Even though life has slowed down due to the virus, my mind is always racing, I am always thinking of things I should do or perhaps more accurately, should be doing. I recall years ago a friend saying to me, "I've never known anyone who has a head full of lists like you do."
It's not only lists but questions: what will happen next? what if things don't go as I had hoped? what if that person doesn't like what I sad? I am always in my head: thinking, hypothesising, pondering. Whilst it can sometimes be helpful, too much of it can be stressful.
We have all heard of mindfulness and one definition is "the practice of paying attention in the present moment".

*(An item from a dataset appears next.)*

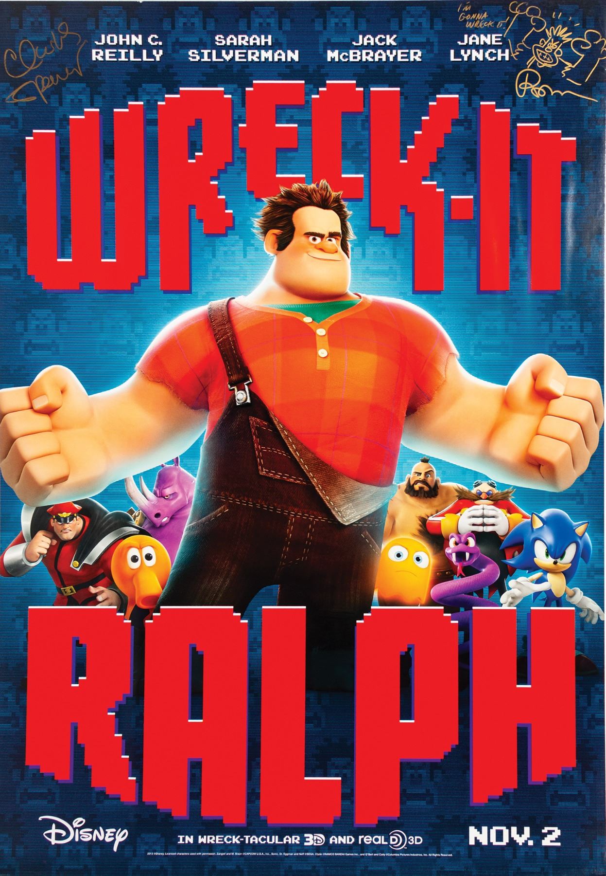 (Disney, 2012) An original one sheet poster for Wreck-it Ralph that is signed by producer Clark Spencer and director Rich Moore. The poster was used and signed at a Broadcast Film Critics Association event, and measures 40"x27". The poster is backed with foamcore and is in good to very good condition with some lifting from the board leading to bubbling, with some wear to lower left and right corners.

Today whilst collecting salad leaves, I realised how such simple actions can have such a calming effect.
The leaves are delicate so rather than pulling them, I cut them with some scissors. There are no time pressures so I take my time. The doors to the greenhouse are closed and there is no sound, it is calm. I find myself not thinking but just doing, entranced by the moment I am in. Perhaps I am trapped in the miracle of growing food from seed.
I feel happy knowing that the farm is gentle to nature. The soil is dark and I see some worms wriggling around. It makes me happy.
I turn to the radishes. As I pull them from the ground, the rich soil clings to their pink body. It makes me happy.
It's strange to realise that sometimes it's the simple things that can make the biggest impact and spending time in nature and greenery can help us do this without even realising.